A couple weeks ago, I found her a few minutes after dropping off my son at a friend’s house for the evening. Alone in the dark car, I turned on the radio and heard a song I’d only heard once before – when my dad and one of my mom’s best friends from 50 years ago sang it around her deathbed two days before she passed away (after we’d belted out a few John Denver songs). The song is, “Eddie, My Love,” and my dad told us she would sing it to him all the time when he was taking his time getting out of the house. I’d never heard it before but remembered enough of the lyrics to recognize it – and gasp – when it came on the radio in the car. Certain that was the song they sang around her bed, I pulled to the side of the road, took out my phone, and recorded it so I could play it when I returned home. (Interestingly, right when I took out my phone to record the song, I received a text from my sister asking for one of my mom’s best-loved recipes. What timing!) It turns out that yes, it was the song, and when I played it for my daughter, she explained to me wide-eyed that the very same song popped into her head completely out of the blue earlier that day, and at the time she wondered how she would feel if she ever heard it on the radio – for she, too, only had heard it once before, at my mom’s bedside. And that is the truly amazing thing about sharing such experiences. Had I kept it to myself, I would not have received the information my daughter had to offer that took the experience to a more intriguing and powerful level.

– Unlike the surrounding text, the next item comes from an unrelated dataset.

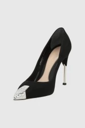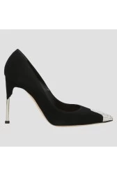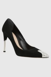 Туфлі на шпильках Alexander McQueen чорного кольору, виготовлені із замшевої шкіри теляти. Загострений ніс прикрашений кристалами Swarovski. Круглий металевий каблук сріблястого відтінку. Шкіряна підошва бежевого кольору.

Needless to say, I let my dad know about the song coming to both my daughter and me the same day, and it made him happy.

That same evening, while sitting at the kitchen table, I happened to notice that the bag of ecologically grown apples I’d bought that afternoon came from the small town in Vermont where my mom grew up. I’ve never before seen or heard any reference to that town other than in my mom’s obituary and in her stories about her childhood!

Last weekend, I was surprised to find one of her memorial prayer cards on my bed. It was the only thing on my bed.

And then there’s a certain kind of longing that is entirely new to me.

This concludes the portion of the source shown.